Leaders in House Block Earmarks to Corporations

By ERIC LICHTBLAU, The New York Times
WASHINGTON — House Democratic leaders on Wednesday banned budget earmarks to private industry, ending a practice that has steered billions of dollars in no-bid contracts to companies and set off corruption scandals.

The ban is the most forceful step yet in a three-year effort in Congress to curb abuses in the use of earmarks, which allow individual lawmakers to award financing for pet projects to groups and businesses, many of them campaign donors.

But House Republicans, in a quick round of political one-upmanship, tried to outmaneuver Democrats by calling for a ban on earmarks across the board, not just to for-profit companies. Republicans, who expect an intra-party vote on the issue Thursday, called earmarks “a symbol of a broken Washington.”

Both parties are seeking to claim the ethical high ground on the issue by racing to rein in a budgeting practice that has become rife with political influence peddling. So far, though, the Senate is not joining in. House Democrats had tried to reach an agreement with their counterparts to ban for-profit earmarks, but the senators balked, Congressional officials said.

Had the ban on for-profit earmarks been in place last year, it would have meant the elimination of about 1,000 awards worth a total of about $1.7 billion, leaders of the House Appropriations Committee said in announcing that, as a matter of policy, they will no longer approve requests for awards to for-profit groups. Many of those earmarks went to military contractors for projects in lawmakers’ home districts.

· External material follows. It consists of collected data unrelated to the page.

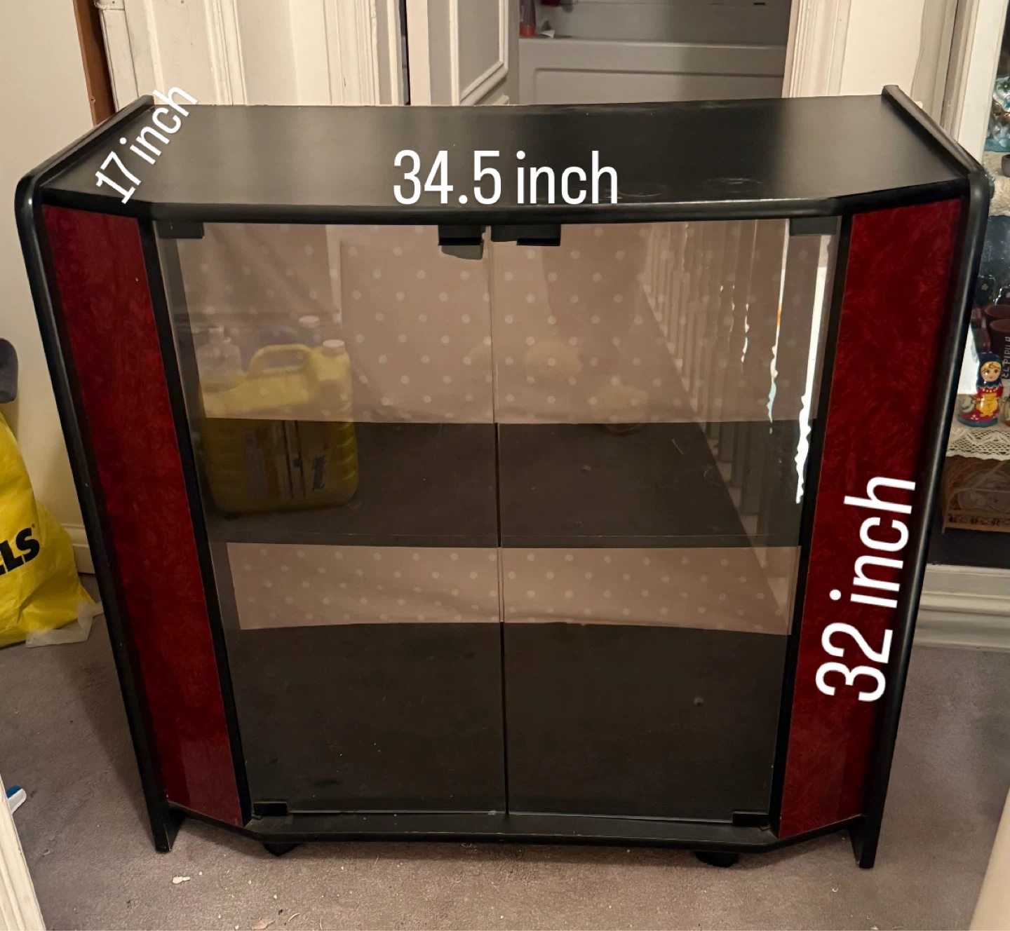 Selling a TV stand or cabinet with a black top and bottom and red sides. It measures approximately 34.5 inches wide, 17 inches deep, and 32 inches tall. It has glass doors.
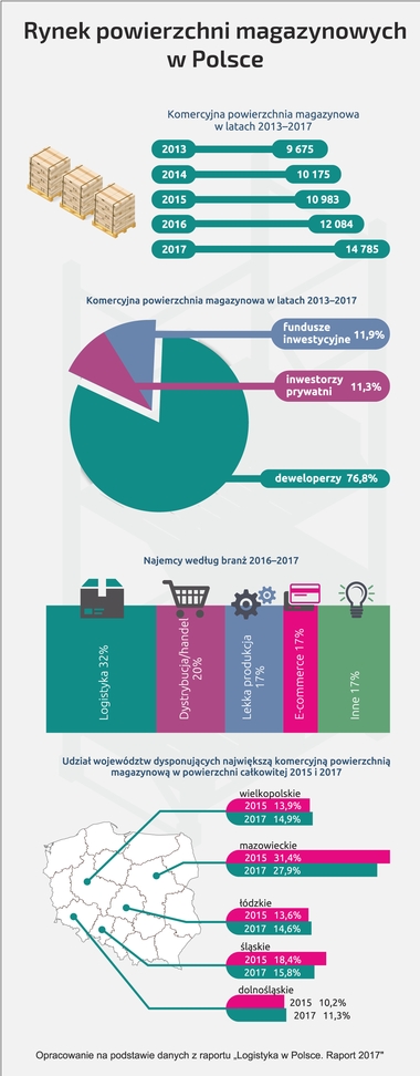 Według badań Instytutu Logistyki i Magazynowania komercyjna powierzchnia magazynowa w Polsce na koniec 2017 r. wynosiła prawie 15 mln m kw., na co złożyły się nie tylko nowe wielkopowierzchniowe magazyny będące obiektem zainteresowania firm analizujących transakcje na rynku nieruchomości magazynowych i pośredniczących w ich wynajmie, ale również mniejsze obiekty magazynowe nie będące w polu ich zainteresowania. W 2016 r. wielkość nowej powierzchni oddanej do użytku wyniosła ponad 1,1 mln m kw., podczas gdy rok wcześniej było to ok. 0,8 mln m kw. W 2017 r. wzrost był jeszcze wyższy i wyniósł prawie 2,8 mln m kw.
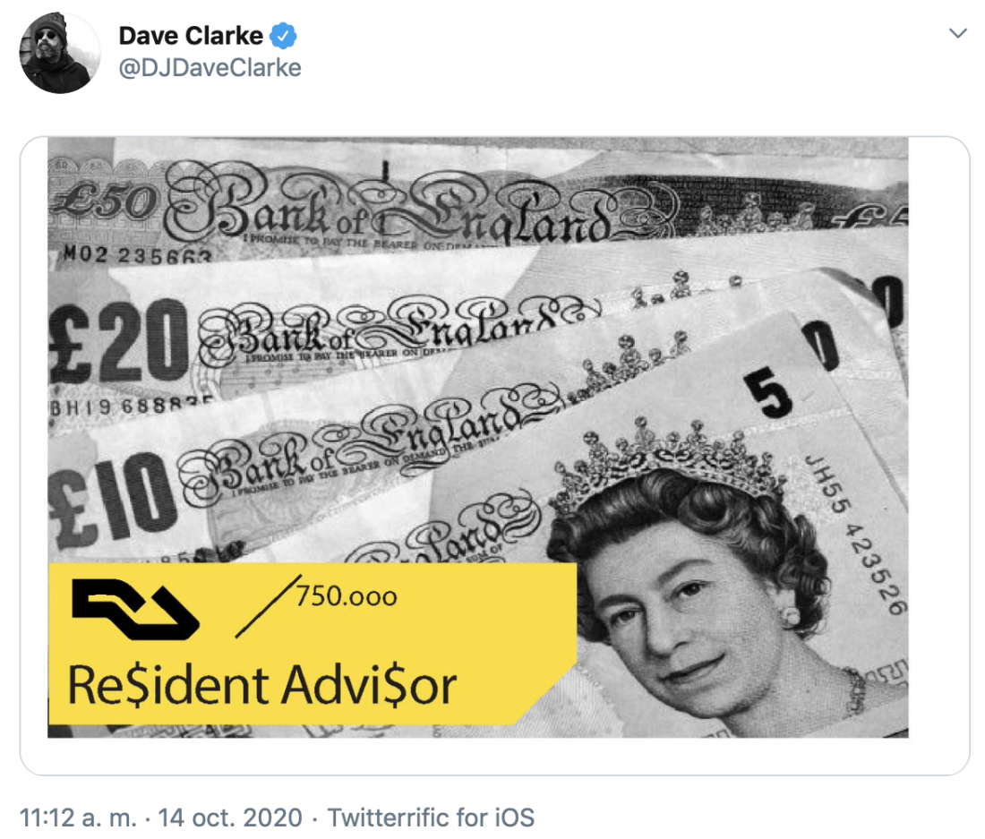 La polémica ha venido por la noticia de que la web y plataforma Resident Advisor ha recibido una subvención de £750,000. Una ayuda que nos debería alegrar, que un medio reciba una cifra tan notable pues siempre es una buena noticia, aunque te pueda generar un poco envidia sana de lo que es recibir ayuda cuando no estas generando ingresos por una pandemia, y lo que ocurre aquí, que es todo lo contrario.
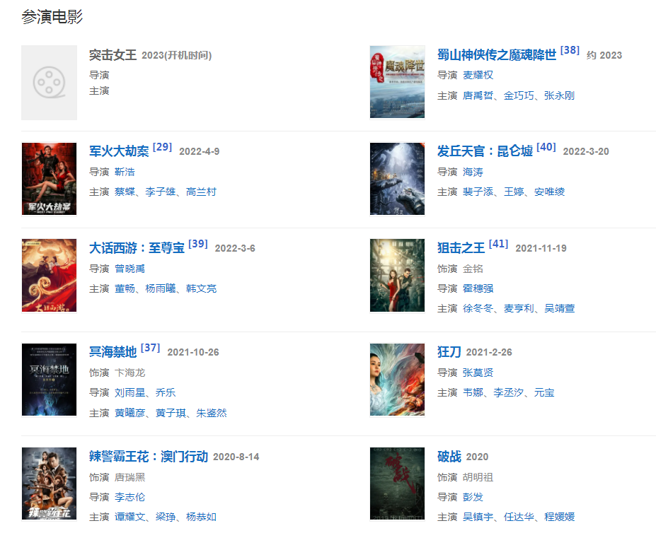 2022年3月6日,主演的奇幻愛情電影《大話西游:至尊寶》在騰訊視頻獨家上映; [39] 3月20日,主演的盜墓動作探險電影《發(fā)丘天官:昆侖墟》上映; 4月9日,主演的動作電影《軍火大劫案》在騰訊視頻上映。
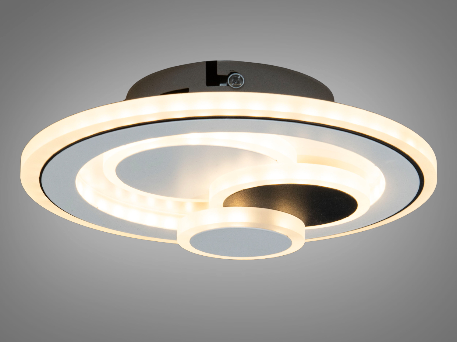 Елегантний дизайн з концентричними колами та контрастними кольорами додає сучасний акцент у будь-яке приміщення. Універсальні кольорові температури — 3200 K, 4100 K та 6000 K — дозволяють обрати оптимальне освітлення для різних потреб.
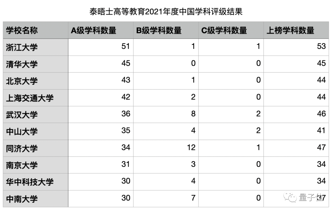 浙江大学,A级上榜学科最多,而且总上榜学科数也超过清北。

Under the new restrictions, not-for-profit institutions like schools and colleges, state and local governments, research groups, social service centers and others are still free to receive earmarks. The new restrictions, for example, would still allow the type of award to local governmental agencies that became infamous in 2005 with Alaska’s “Bridge to Nowhere.”

Representative David R. Obey, the Wisconsin Democrat who leads the Appropriations Committee, said a series of criminal investigations, ethics inquiries and political embarrassments had prompted him to take stronger steps.

“The political reality right now is that the public has lost some confidence in this institution, and one of the reasons is the past abuses of the earmark process,” Mr. Obey said. Earmarks for profit-making companies are “the most vulnerable place” for abuse in the system, he added.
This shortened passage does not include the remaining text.